Serbia and Montenegro's Minister for Human Rights and Ethnic Minorities, Rasim Ljajic, arrived in the Netherlands on Sunday with two pathologists for the autopsy, his spokeswoman said.

Milosevic's body was taken in a silver hearse from the detention centre to a forensic institute on Saturday evening.

HERO'S FUNERAL?

There was no word on when Milosevic's body might be returned to Serbia for burial and no reliable information on when and where the funeral will take place. It was also not clear if his wife Mira Markovic would come to The Hague to collect his body.

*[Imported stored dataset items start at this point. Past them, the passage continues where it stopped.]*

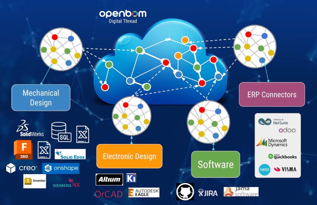 Instead of pushing data across systems through static exports, OpenBOM connects the two worlds through a shared data model — where relationships, not records, define truth.
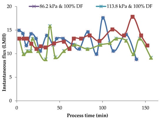 Instantaneous flux obtained for 86.2 kPa TMP at 100 and 150% DF and for 113.8 kPa and 100% DF. The data are from the pilot plant run.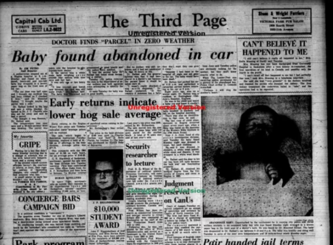 这篇报道描述,1964年3月23日清晨,一位医生完成紧急手术后返回位于里贾纳医院的停车场。当他打开自己汽车的前门时,意外发现座位上有一个纸袋。原以为是恶作剧,他打开纸袋后震惊地发现里面竟是一个新生儿,裹着毯子、穿着尿布,被安放在袋中。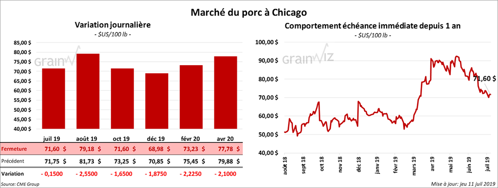 La plupart des contrats de porc à Chicago ont fini la journée avec des pertes sur 3 chiffres. Le contrat juillet 19, qui expirera lundi prochain, a perdu 15 cents.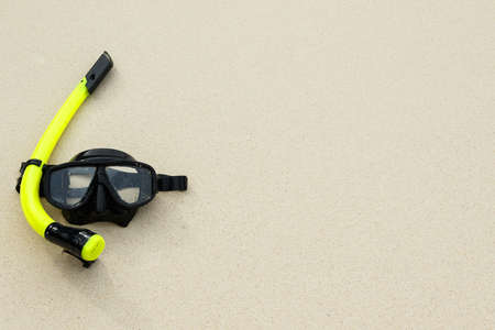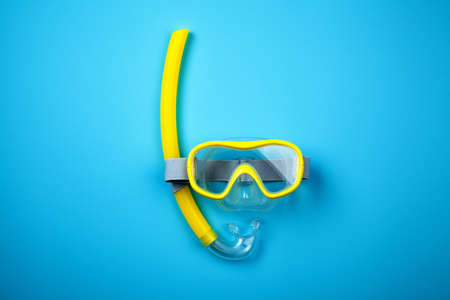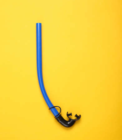 Snorkel on blue yellow background. Travel concept, vacation at sea. minimalist photo. Flat lay, top view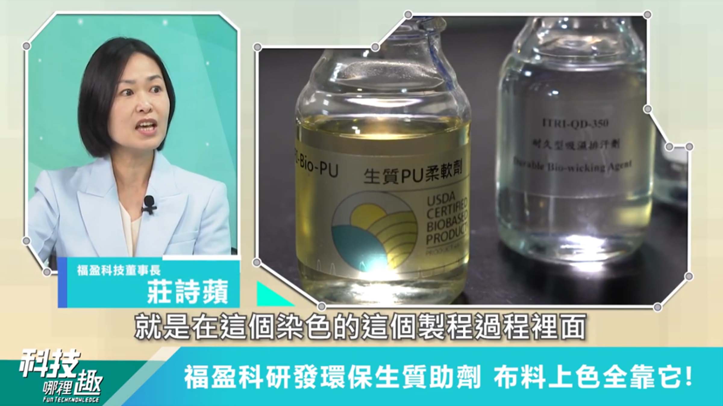 ▼福盈科技董事長莊詩萍揭密「生質染色助劑」是把顏色黏上布料的大功臣。(圖/工研院提供)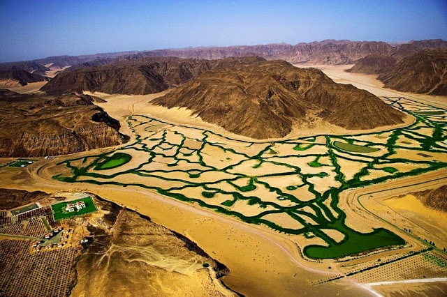 Dilansir dari tarbiyah.net perubahan gurun pasir menjadi kebun hijau tersebut dirintis setelah diketahui bahwa ternyata di bawah gurun pasir terkandung sumber air cukup melimpah, di bawah kedalaman 30 – 400 meter. Air itu kemudian diangkan dengan teknologi pertanian sistem pivot water nozzles (nozel air berputar) sehingga menjadi irigasi sistemik bagi tanaman di sana.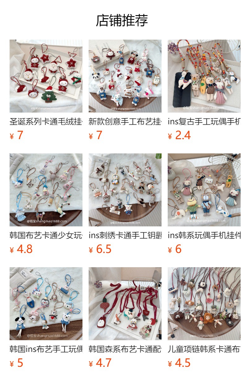 한국 핸드 메이드 패브릭 만화 펜던트 인형 패션 액세서리 키 체인 가방 액세서리 귀여운 쥬얼리 세트스토어 가기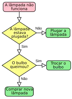 Um fluxograma simples padrão ANSI mostrando como lidar com uma lâmpada que não funciona.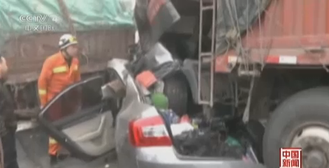 江西:沪昆高速四车追尾致一死三伤(视频截图)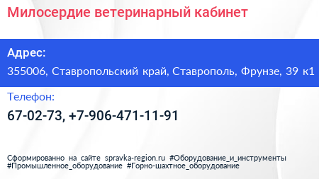 Милосердие, ветеринарный кабинет по адресу 355006, Ставропольский край, Ставрополь, Фрунзе, 39 к1 в дальнейшем Организация, размещена в следующих категориях: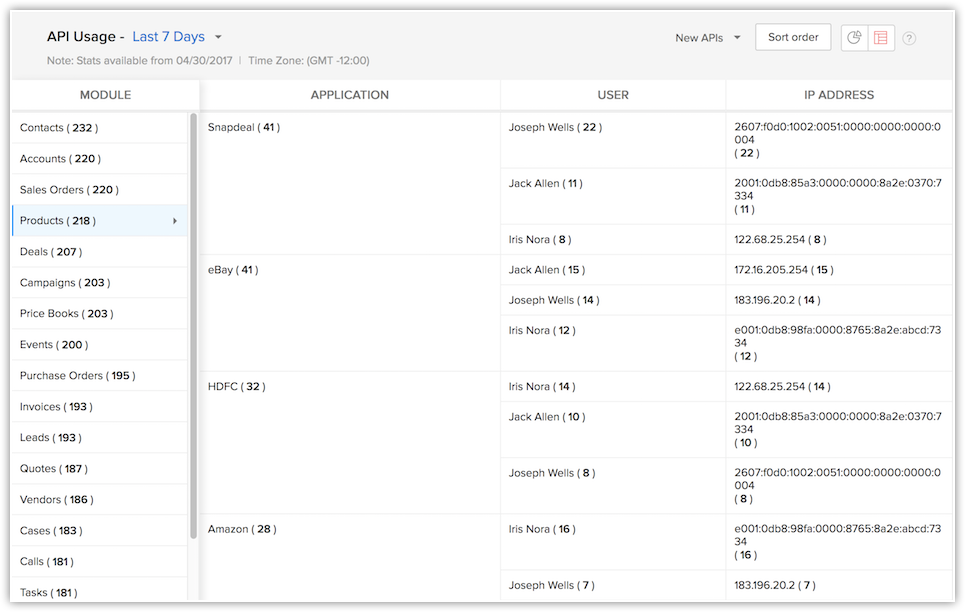 The new API dashboard features an all new interface to view your usage statistics. The interface is made up of a graph view and a table view. You can classify the stats based on modules, IP address from which the call was made, method, user or time. This dashboard supports the previous version of the API as well as the new version.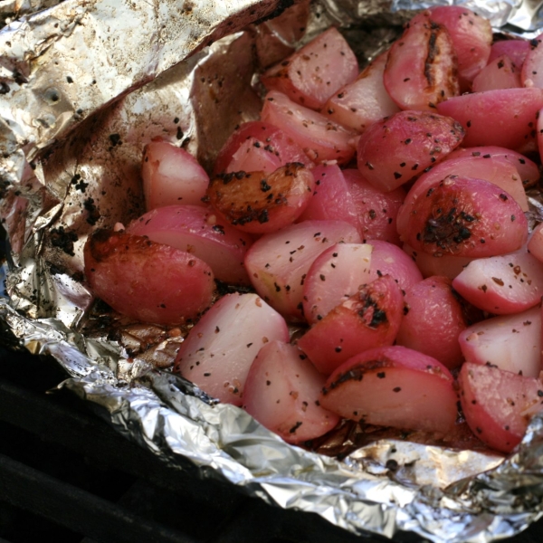 Place foil packet on the grill, close lid, and grill for 15 minutes, flipping every 5 minutes. If you like the radishes extra caramelized, grill for 3 to 5 minutes longer.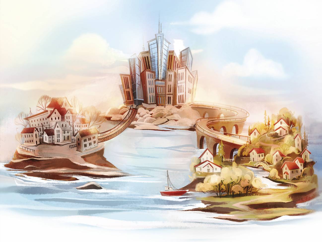 Она распахнула деревянные створки упаковки от игры, которые были сделаны как дверцы, и увидела перед собой большую игровую область похожую на карту. На ней был нарисован остров с высотными башенными зданиями расположенный почти посередине большого темно-синего моря. По краям от острова шли мосты, один из которых был очень узким и не вызывал доверия, но только по нему можно было добраться с левой части карты до острова. А с правой стороны был широкий и крепкий каменный мост, который соединял остров с красочной долиной, где повсюду виднелись красивые малоэтажные дома, высокие и пышные деревья, хвойные леса и небольшой пруд.

"It will be up to the family whether or not they want to publish that kind of information," the tribunal official said.

Mira Markovic made several conjugal visits to the detention centre up until 2003, when she fled Serbia for Russia to avoid arrest on charges of abusing her influence in the 1990s.

There was little sign of grief in Serbia, which on Sunday marked the third anniversary of the assassination of Prime Minister Zoran Djindjic, the man who ousted Milosevic.

But the country's opposition Radical Party, the strongest in grassroots support, and Milosevic's rump Socialist Party said the former president should get a national hero's funeral.

Analysts said his death could make the centrist government hesitate over delivering Mladic to The Hague. The European Union has threatened to suspend association talks if he is not arrested in the next four weeks.

Milosevic's death occurred at a difficult time for Serbia with Kosovo poised to win independence and Montenegro also set to vote on a split from Belgrade in a referendum in May.

Milosevic was charged with 66 counts of genocide, crimes against humanity and war crimes in indictments covering conflicts in Bosnia, Croatia and Kosovo as Yugoslavia imploded.

Denouncing the tribunal as an anti-Serb witchhunt, he declined to enter a plea in Europe's most significant war crimes trial since top Nazis were tried after World War Two.

The tribunal faces questions from those who feel robbed of justice about why the trial had gone on so long compared with the one-year life of Nuremberg after World War Two and the more limited scope of Saddam Hussein's trial in Iraq.

Milosevic's ill-health had repeatedly interrupted his trial. Last month, the court rejected his bid to go to Russia for medical treatment, noting the trial was nearly finished.

The tribunal also faces questions over monitoring of inmates. Normal detention centre procedures mean inmates are checked every 30 minutes during the night.